Moreover, based on previous studies, NKX2-1^GFPSFTPC^tom dual reporter iPSC lines were first cultured in medium containing CHIR, BMP4, and ATRA (a combination called CBRa) to acquire NKX2-1^GFP progenitors while FGF-7, CHIR, and DCI supplementation was used for subsequent NKX2-1^GFPSFTPC^tom alveolar organoid formation (61, 62). Nevertheless, this culture setting has substantial contamination by gastric cells (~20%), likely due to early presence of mid- and hind-gut cells (63, 64). Lastly, airway organoids derived from NKX2-1^GFP cells were developed by withdrawal of CHIR from the medium, further supporting other studies indicating that WNT signaling activation promotes AEC2 proliferation while suppressing proximal lineage differentiation (65, 66). While combination of reporter iPSC lines and standardization of media components represents a valuable strategy for organoid formation and cell lineage specification, upcoming iPSC-derived lung organoid systems should be generated without the need of reporter cell lines to broaden these models’ clinical applicability.

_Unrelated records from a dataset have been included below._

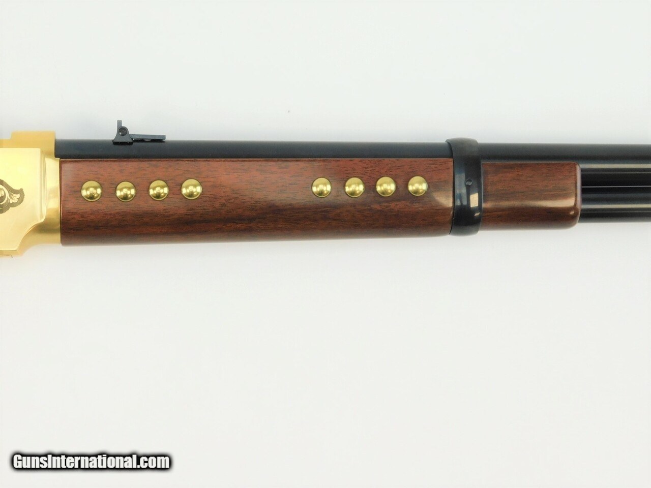 Description: Manufacturer: Taylor's & Co. Model: 1866 Carbine Indian Engraved SKU: 550029 Caliber: .45 Colt Barrel Length: 19" Capacity: 10 Rounds Receiver: Brass Engraved Stock: Walnut, Gold Nail Heads on Stock and Forend Overall Length: 37.87" Sights: Rear Ladder Sight With Front Blade On Barrel Band Features: Mounted Saddle Ring Weight: 7.5 lbs All items are factory new in box unless otherwise stated. Based on the information available to us, the above specifications describe this item to the best of our knowledge. For further information, please contact or visit the manufacturer's . SOLD |
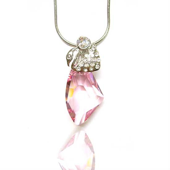 Featured here is a crystal necklace designed for ladies. The swan pendant features a faceted Swarovski crystal stone. Highlight your look with this glamorous crystal necklace.
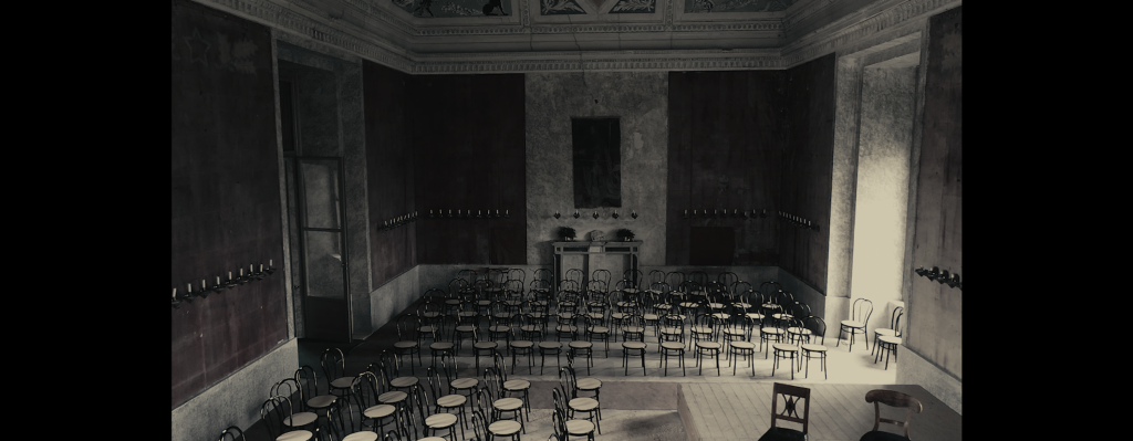 Auch die Musiker sind Teil dieser seltsamen Welt – durch ihren Klang, ihre physische Präsenz und ihr Bild. Nach und nach erscheinen weitere Figuren auf der Leinwand. Sind es Projektionen? Werden reale Menschen in Simulakren verwandelt? Nichts ist sicher. Was hier verfolgt wird, ist eine starke Mehrdeutigkeit, die zu einer unmöglichen Gewissheit über die Definition dieser Präsenzen führt.
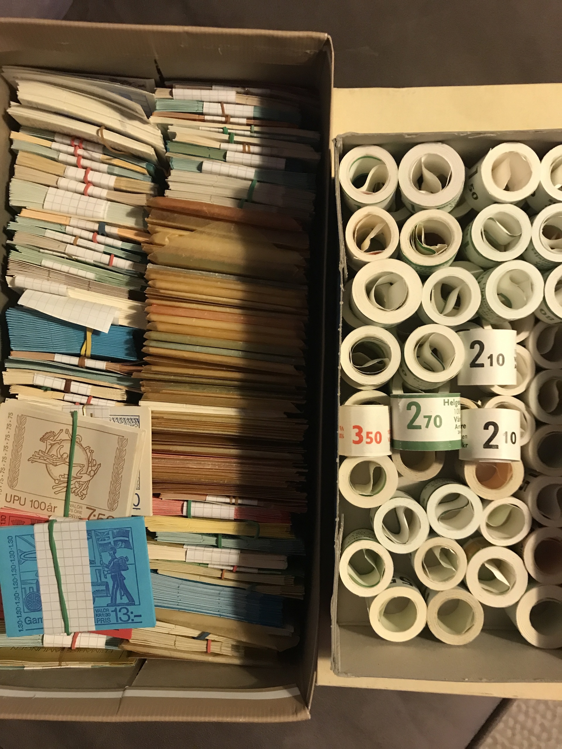 Sweden. Face value. Box with about 55 coils mainly 1970–1980s + booklets 1970s. Face value approx. 12500.
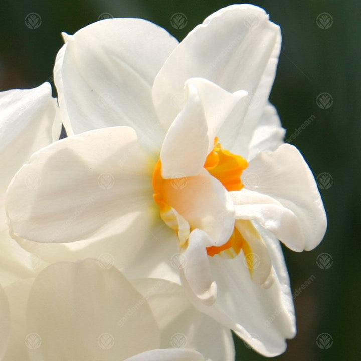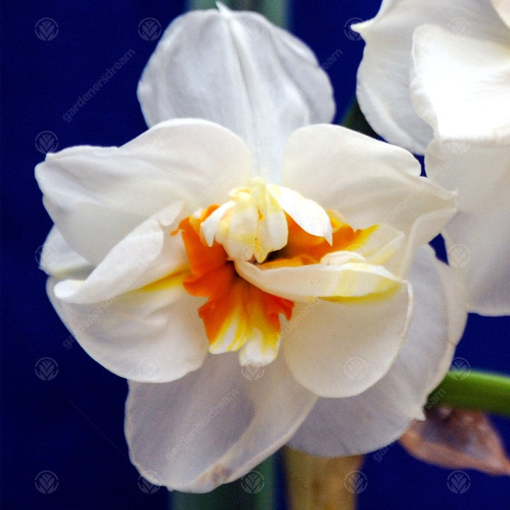 Sir Winston Churchill is a beautiful specimen from the division 4 daffodils. There are four blooms typically on the end of a stem. The individual blooms themselves are intricate patterns of several central petals folding and intersecting one another along with orange-coloured segments of the corona. The exterior petals are more uniformly flat and broad.

While iPSC-derived AEC2s have the advantage of high throughput and scalability over AdSCs, the latter cells denote age-associated maturity and maintain genetic and epigenetic characteristics of the donor or patient lungs. Over the years, efforts have been made to comparatively assess the self-renewal, maturity, and differentiation capacity of iPSC-derived and primary AEC2s in ex vivo models (67, 68). In the case of iPSC-derived AEC2s, inhibition of WNT signaling using XAV939 (tankyrase inhibitor) led to AEC1 differentiation (68, 69). However, WNT withdrawal from the culture medium was not sufficient to induce AEC1 differentiation of both iPSC-derived and primary AEC2s (68, 70). Studies in mice have revealed that YAP signaling is highly enriched in AEC1s and ectopic activation of YAP maintains AEC1 cell identity and is sufficient to promote AEC2 to AEC1 differentiation (71–76). To test whether activation of YAP signaling can promote iPSC-derived AEC2 differentiation, Burgess and colleagues used both genetic and pharmacological activation approaches. Indeed, these studies revealed that activation of YAP signaling was sufficient to induce AEC1 gene expression in iPSC-derived AEC2s (77). Such studies are still required to assess FSC-derived AEC2 potential in organoid cultures. In the case of AdSCs, addition of human serum induced AEC2 to AEC1 differentiation (43). However, the specific components of the human serum capable of inducing AEC2 differentiation are not known, suggesting that identification of such molecules may have therapeutic value for both cell replacement and regenerative therapies.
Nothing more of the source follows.